For image segmentation, the pixel-by-pixel spatial information provides more information, thus introducing sSE-blocks in parallel. It can measure the importance of spatial location by compressing the channel information, squeezing along the channel and exciting spatially. For an input feature map, the module realizes space extrusion operation through convolution, then normalizes the feature map through sigmoid, and finally multiplies the feature map by the original feature tensor. Thus, for a spatial location, if the information it contains is not important, it is multiplied by a smaller value and suppressed, and not suppressed otherwise.
And respectively carrying out improved cSE-block and sSE-block on the original characteristic diagram to generate a new characteristic diagram after recalibration, adding the two characteristic diagrams, and outputting a final characteristic diagram through an activation function. Therefore, the scSE-block + can be used for re-calibrating the characteristic diagrams along the channel and the space respectively and then combining and outputting the characteristic diagrams, so that the effective information of the characteristic diagrams in the two aspects of the space and the channel is effectively utilized, more fine information is provided for the network, and the representation of the model is favorably promoted.

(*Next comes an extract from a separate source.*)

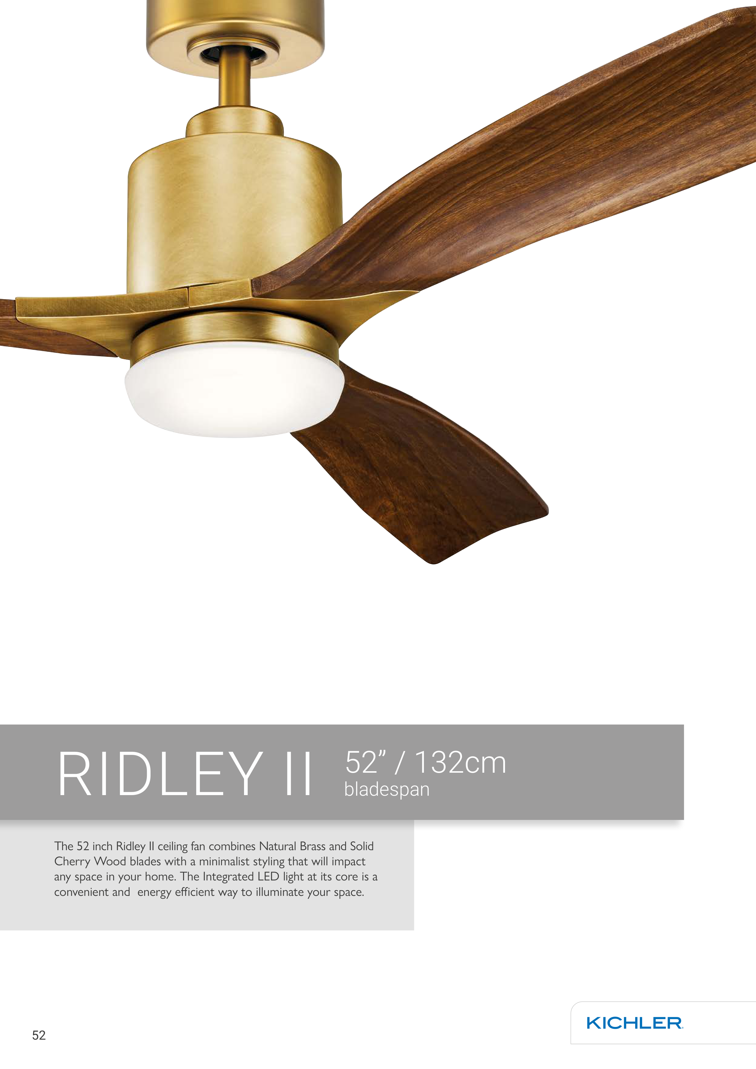 The 52 inch Ridley II ceiling fan combines Natural Brass and Solid
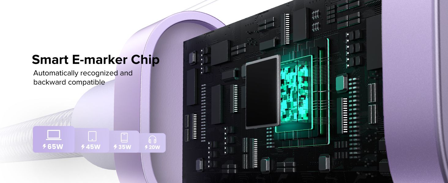 - Vestavěný E-marker čip automaticky rozpozná vaše zařízení a přizpůsobí nabíjecí výkon. Chrání vaše zařízení před přepětím, přehřátím i zkratem.

In this embodiment, the 3D scSE-UNet partition network includes 4 downsampling layers in the coding path, each downsampling layer extracts image features of different layers from two convolutional layers, and the activation is performed by using the ReLU function in the convolution operation, and at the same time, a maximum pooling layer compression feature with a step size of 2 is followed to reduce the number of parameters. In the decoding path, each layer contains an upsampled layer with a step size of 2, followed by two 3 × 3 × 3 convolutional layers, each of which is still followed by a ReLU layer. And fusing the feature map obtained in the encoding stage and the feature map with the same resolution obtained in the decoding stage together through jump connection, and refining the image by combining the features of the shallow layer and the deep layer. Inputting the features after jump connection fusion into scSE-block + to inhibit unimportant features and improve the accuracy of the segmentation result. The last layer is a convolution layer of 1 × 1 × 1, and a prediction partition map with the number of output channels being the number of label categories is output.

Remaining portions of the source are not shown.